Any suitable model metric or set of model metrics may be used to assess the performance of a trained secondary prediction model with respect to a labelled dataset (e.g., the validation dataset). For example, any of the model metrics described above with respect to the first training module 230 (e.g., accuracy, performance, recall, AUC-ROC) may be used to assess trained secondary prediction models. In some examples, a different metric or set of metrics may be used to fine-tune the secondary prediction model than the metric or set of metrics used to fine-tune the primary prediction model. For example, where the recall metric or recall at k metric may be used to fine-tune the primary prediction model, the AUC-ROC metric, the precision metric or the precision at k metric may be used to fine-tune the secondary prediction model (e.g., used to select a set of hyper parameters and a trained secondary prediction model generated thereby). Specifically, a trained secondary prediction model may be selected that optimizes the AUC-ROC metric, the precision metric, or the precision at k metric (i.e., precision calculated from the top k results).

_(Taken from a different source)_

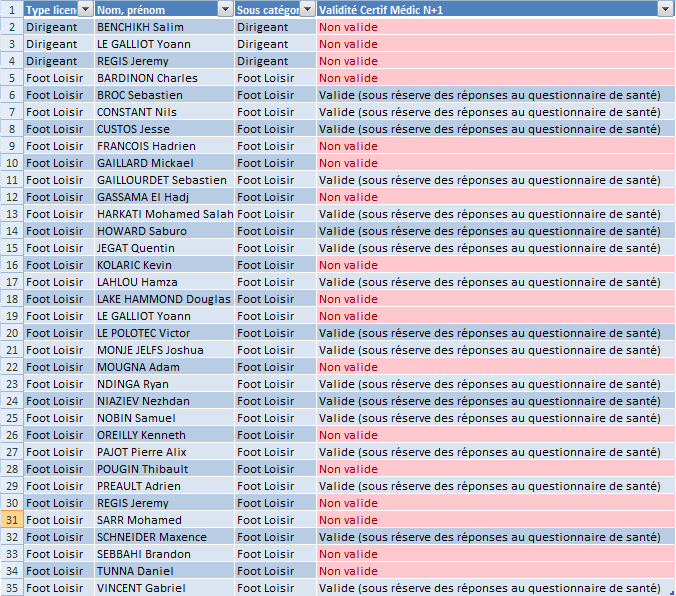 9) Inscription Pour les joueurs présents lors de la saison 2018-19 (renouvellement) : Afin de pouvoir participer aux matches de ce championnat, il faut IMPÉRATIVEMENT remplir les 3 conditions suivantes : Etre à jour de sa cotisation FRENCH BRANCH pour la saison 2019-2020 (30€) Fournir le règlement pour la participation au championnat FFF (100€ avant le 30/09 – 120€ après le 01/10)* Remplir numériquement les informations de la "DEMANDE DÉMATÉRIALISÉE - SAISON 2019-2020" que vous aurez reçue par mail Fournir si besoin un certificat médical (format .JPG) sur la plateforme numérique (voir détails ci-dessous) Certificat médical : https://lfpl.fff.fr/wp-content/uploads/sites/20/bsk-pdf-manager/4bfd42e5b4cd73d175f4cd0dc66803e3.pdf AIDE pour les organisateurs: COMMENT SAVOIR SI MES LICENCIE(E)S DOIVENT FOURNIR UN CERTIFICAT MEDICAL POUR LEUR LICENCE LA SAISON PROCHAINE ? https://lfhf.fff.fr/wp-content/uploads/sites/15/bsk-pdf-manager/c0e1af64eafb15b29398cbd199b84812.pdf Voici la liste des joueurs dont le certificat médical déjà fourni est encore valide: - Si un certificat médical a été fourni il y a moins de 3 ans (lors de la saison 2017-18 ou 2018-19): Il n’y a pas besoin de certificat médical si vous répondez « non » à toutes les questions du questionnaire médical fourni en ligne ou ci-après. S’il y a une réponse « oui », vous devrez remplir la partie « certificat médical » dans le formulaire version papier ou en fournir un numériquement. - Si un certificat médical a été fourni il y a plus de 3 ans (lors de la saison 2016-17): Votre certificat médical N'EST PLUS VALABLE, vous devez donc en fournir un autre plus récent ! Votre licence sera validée par le bureau UNIQUEMENT si vous avez réglé votre cotisation. *LIRE IMPERATIVEMENT "partie 7 - cotisation annuelle" pour plus de détails Pour les nouveaux joueurs : Afin de pouvoir participer aux matches de ce championnat, il faut IMPÉRATIVEMENT remplir les 6 conditions suivantes : Etre à jour de sa cotisation FRENCH BRANCH pour la saison 2019-2020 (30€) Fournir le règlement pour la participation au championnat FFF (110€ avant le 30/09 – 120€ après le 01/10)* Remplir numériquement les informations de la "DEMANDE DÉMATÉRIALISÉE - SAISON 2019-2020" que vous aurez reçue par mail** Fournir un certificat médical (format .JPG) sur la plateforme numérique Fournir une photo d'identité couleur (format .JPG) sur la plateforme numérique Fournir une copie de votre carte d’identité ou passeport recto/verso (format .JPG) sur la plateforme numérique Certificat médical : https://lfpl.fff.fr/wp-content/uploads/sites/20/bsk-pdf-manager/4bfd42e5b4cd73d175f4cd0dc66803e3.pdf *LIRE IMPERATIVEMENT "partie 7 - cotisation annuelle" pour plus de détails **afin de pouvoir vous envoyer la demande dématérialisée, il faudra nous fournir au préalable les informations suivantes : Pour les joueurs mutés (changement de club ou double-licence) : LICENCE PAPIER A REMPLIR ET A SCANNER Afin de pouvoir participer aux matches de ce championnat, il faut IMPÉRATIVEMENT remplir les 3 conditions suivantes : Etre à jour de sa cotisation FRENCH BRANCH pour la saison 2019-2020 (30€) Fournir le règlement pour la participation au championnat FFF (110€ avant le 30/09 – 120€ après le 01/10)* Imprimer et remplir la "DEMANDE DE LICENCE DE FOOTBALL - SAISON 2019-2020" ci-dessous https://paris-idf.fff.fr/wp-content/uploads/sites/19/bsk-pdf-manager/b34adc937cf7f65426e40c516cb7bf72.pdf Voici une aide pour les cases obligatoires à remplir : http://www.liverpoolfrance.com/wp-content/uploads/2017/08/Aide_formulaire_2017-18.jpg Faire remplir la sous-partie certificat médical par votre médecin ou fournir autrement un certificat médical (format .JPG) Certificat médical: https://lfpl.fff.fr/wp-content/uploads/sites/20/bsk-pdf-manager/4bfd42e5b4cd73d175f4cd0dc66803e3.pdf Envoyer la demande de licence avec l'avis du médecin à fff@liverpoolfrance.com *LIRE IMPERATIVEMENT "partie 7 - cotisation annuelle" pour plus de détails Remarques : Il est possible de cumuler une autre licence FFF « Club » avec cette licence loisir mais il faudra avoir l’accord du 1er clubOn ne peut pas cumuler deux licences « Loisir » Ne pas souscrire aux garanties complémentaires si vous êtes déjà bien assuré (mutuelle, etc).Remplir la partie gauche numériquement pour une meilleure lisibilité. Vérifier que toutes les informations sont bien remplies (nationalité, sexe, date et lieu de naissance, etc)Cocher la case " Joueur Loisir " dans la partie "Catégorie(s)"Un joueur mineur ne peut malheureusement pas figurer dans une équipe loisir FFFPour plus d’informations, contactez Hadrien François ou écrivez-nous à fff@liverpoolfrance.com Sportivement, YNWA Yoann Le Galliot Responsable Sportif de Liverpool France 06.76.38.01.67 football@liverpoolfrance.com Hadrien FrançoisPrésident Championnat FFF 06.43.19.28.24fff@liverpoolfrance.com Stan BardyCoach Championnat FFF 06.74.82.01.04stanwowbardy@gmail.com -

Once both the trained primary prediction model 208 and the trained secondary prediction model 210 have been generated, the trained primary and secondary prediction models 208, 210 can be used to form a multi-stage rare event prediction system 212 to predict the probability of the rare event occurring. For example, as shown in FIG. 2, the trained primary prediction model 208 can form a first phase of the multi-stage rare event prediction system 212 which is configured to receive a set of features and generate a primary prediction score for the rare event based thereon, and the trained secondary prediction model 210 is configured to receive the set of features in combination with the primary prediction score and generate a secondary/final prediction score for the rare event based thereon.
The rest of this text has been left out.